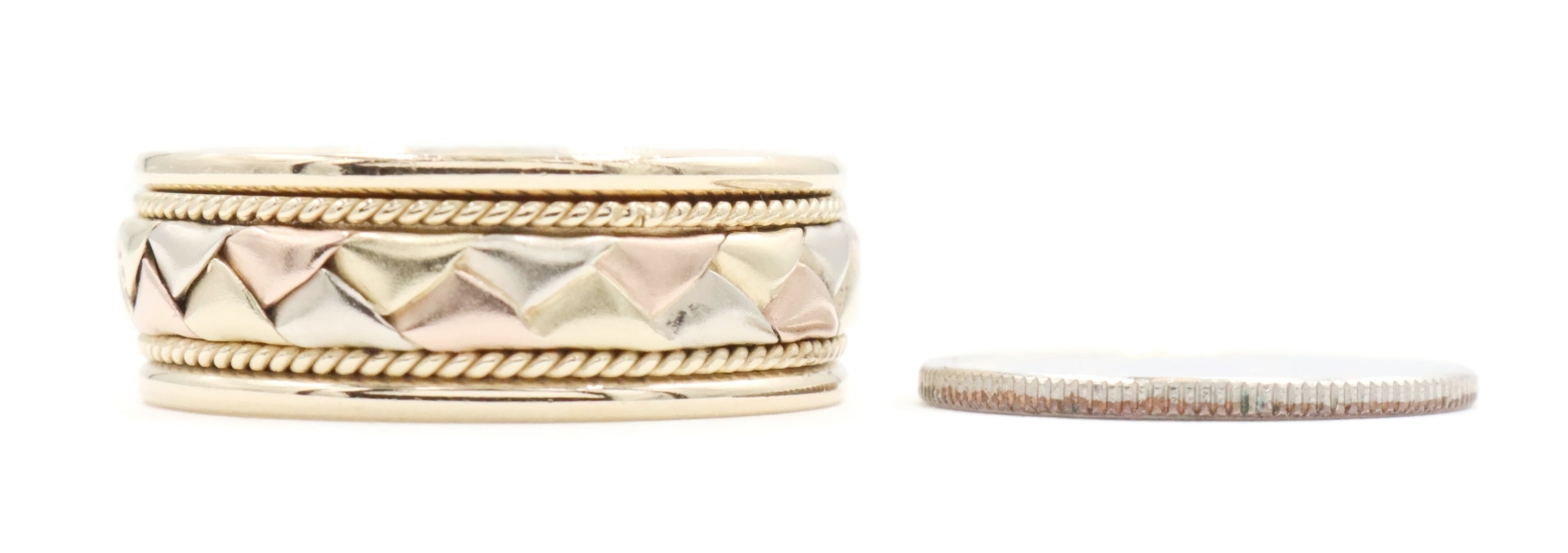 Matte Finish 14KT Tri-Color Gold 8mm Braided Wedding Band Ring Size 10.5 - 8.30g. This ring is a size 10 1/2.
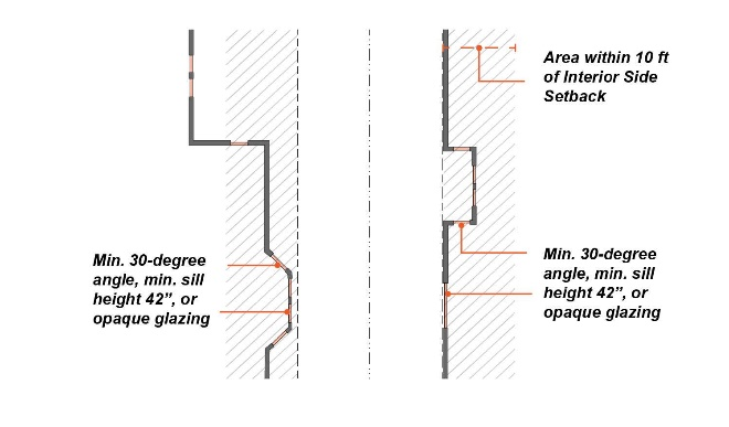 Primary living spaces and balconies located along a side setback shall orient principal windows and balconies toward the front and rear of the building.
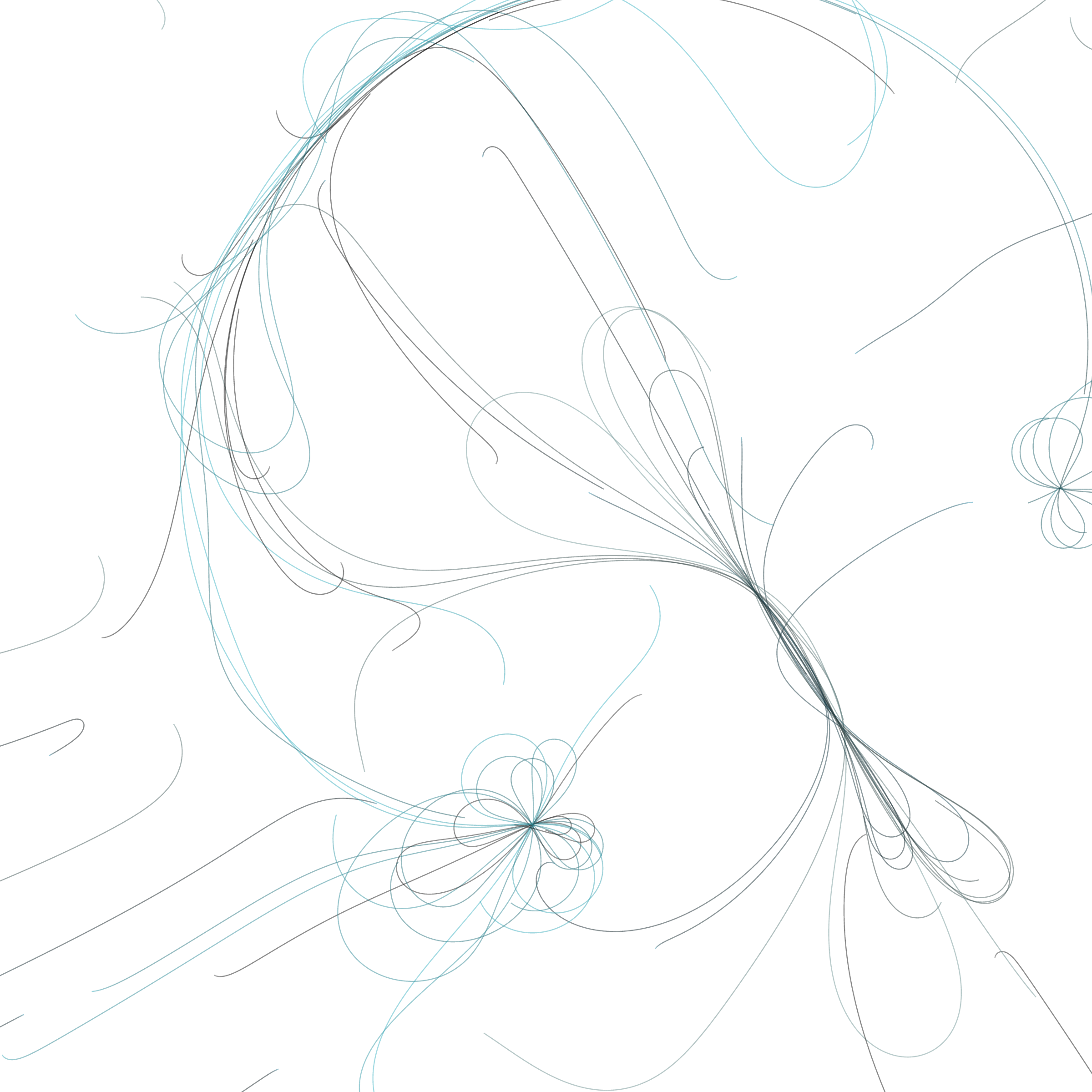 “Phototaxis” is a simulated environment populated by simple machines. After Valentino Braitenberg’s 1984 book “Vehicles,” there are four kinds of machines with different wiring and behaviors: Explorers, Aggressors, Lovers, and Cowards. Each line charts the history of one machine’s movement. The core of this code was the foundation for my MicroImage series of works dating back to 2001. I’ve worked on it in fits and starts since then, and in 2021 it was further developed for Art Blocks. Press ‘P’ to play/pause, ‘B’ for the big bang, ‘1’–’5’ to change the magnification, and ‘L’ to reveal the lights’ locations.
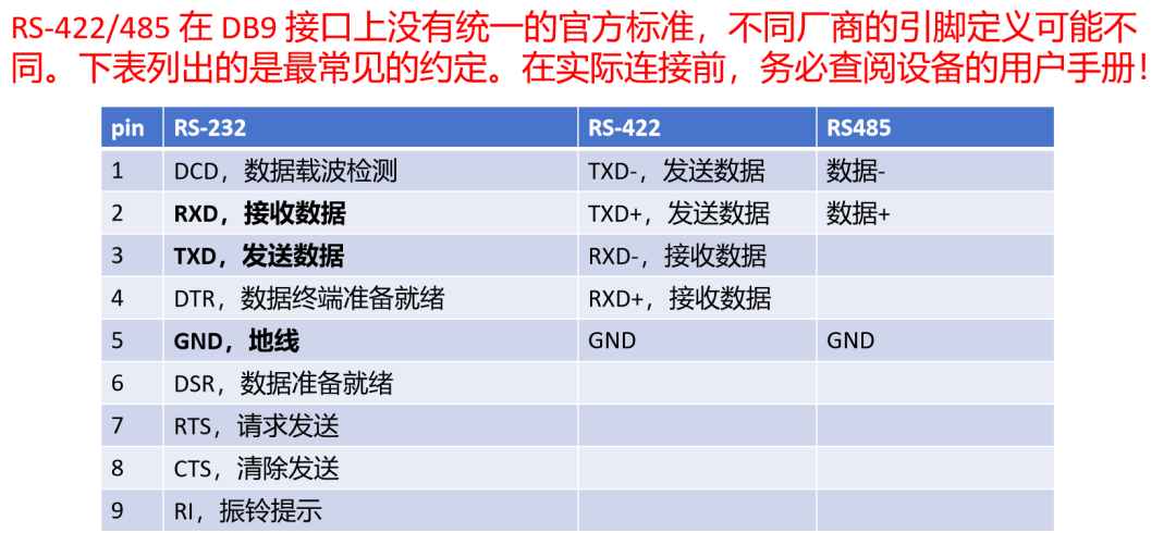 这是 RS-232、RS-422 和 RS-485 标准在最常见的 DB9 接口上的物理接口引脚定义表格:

========

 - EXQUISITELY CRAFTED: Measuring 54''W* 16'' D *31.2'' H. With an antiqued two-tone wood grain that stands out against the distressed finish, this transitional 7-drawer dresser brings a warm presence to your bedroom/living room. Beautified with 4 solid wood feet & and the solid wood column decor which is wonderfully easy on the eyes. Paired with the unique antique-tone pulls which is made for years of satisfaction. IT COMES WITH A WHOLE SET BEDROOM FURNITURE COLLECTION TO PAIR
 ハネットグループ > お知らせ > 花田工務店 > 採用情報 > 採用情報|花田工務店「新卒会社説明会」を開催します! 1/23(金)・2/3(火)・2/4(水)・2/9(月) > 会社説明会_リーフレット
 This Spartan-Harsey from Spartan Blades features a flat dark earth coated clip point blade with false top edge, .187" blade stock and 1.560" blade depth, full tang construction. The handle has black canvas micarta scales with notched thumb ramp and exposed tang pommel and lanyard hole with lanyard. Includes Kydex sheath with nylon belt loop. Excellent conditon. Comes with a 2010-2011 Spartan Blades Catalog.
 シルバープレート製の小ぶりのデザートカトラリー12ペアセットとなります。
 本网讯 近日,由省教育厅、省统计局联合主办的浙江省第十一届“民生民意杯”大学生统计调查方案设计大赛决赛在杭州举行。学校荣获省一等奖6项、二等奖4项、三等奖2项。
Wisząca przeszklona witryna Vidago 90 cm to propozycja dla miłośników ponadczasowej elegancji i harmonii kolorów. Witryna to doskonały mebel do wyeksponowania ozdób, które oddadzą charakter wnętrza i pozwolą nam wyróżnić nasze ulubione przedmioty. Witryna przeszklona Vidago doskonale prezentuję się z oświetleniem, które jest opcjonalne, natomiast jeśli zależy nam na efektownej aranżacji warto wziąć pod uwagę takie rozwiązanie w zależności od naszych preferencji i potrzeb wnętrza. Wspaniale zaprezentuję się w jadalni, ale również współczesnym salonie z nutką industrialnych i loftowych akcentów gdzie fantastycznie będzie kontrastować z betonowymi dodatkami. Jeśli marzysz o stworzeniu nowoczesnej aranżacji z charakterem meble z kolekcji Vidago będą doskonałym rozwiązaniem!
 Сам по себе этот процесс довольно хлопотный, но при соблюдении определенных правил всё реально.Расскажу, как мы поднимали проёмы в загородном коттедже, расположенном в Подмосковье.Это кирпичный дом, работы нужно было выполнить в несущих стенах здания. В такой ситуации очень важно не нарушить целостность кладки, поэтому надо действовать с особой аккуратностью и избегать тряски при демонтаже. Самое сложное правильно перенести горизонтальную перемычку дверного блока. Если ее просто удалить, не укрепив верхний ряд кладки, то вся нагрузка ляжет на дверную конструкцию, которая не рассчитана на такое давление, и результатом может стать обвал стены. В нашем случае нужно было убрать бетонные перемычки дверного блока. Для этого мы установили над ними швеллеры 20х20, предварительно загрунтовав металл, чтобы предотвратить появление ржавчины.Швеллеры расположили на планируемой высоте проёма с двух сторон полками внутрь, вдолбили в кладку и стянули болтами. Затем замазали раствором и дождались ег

========

▶ Exercise aim: Only one stretch of the listing is wanted: the lines starting at the one with "Matte Finish 14KT" and ending at the one with "这是 RS-232、RS-422 和", copied exactly and free of pictures.

▶ Problem solution:
 Matte Finish 14KT Tri-Color Gold 8mm Braided Wedding Band Ring Size 10.5 - 8.30g. This ring is a size 10 1/2.
 Primary living spaces and balconies located along a side setback shall orient principal windows and balconies toward the front and rear of the building.
 “Phototaxis” is a simulated environment populated by simple machines. After Valentino Braitenberg’s 1984 book “Vehicles,” there are four kinds of machines with different wiring and behaviors: Explorers, Aggressors, Lovers, and Cowards. Each line charts the history of one machine’s movement. The core of this code was the foundation for my MicroImage series of works dating back to 2001. I’ve worked on it in fits and starts since then, and in 2021 it was further developed for Art Blocks. Press ‘P’ to play/pause, ‘B’ for the big bang, ‘1’–’5’ to change the magnification, and ‘L’ to reveal the lights’ locations.
 这是 RS-232、RS-422 和 RS-485 标准在最常见的 DB9 接口上的物理接口引脚定义表格:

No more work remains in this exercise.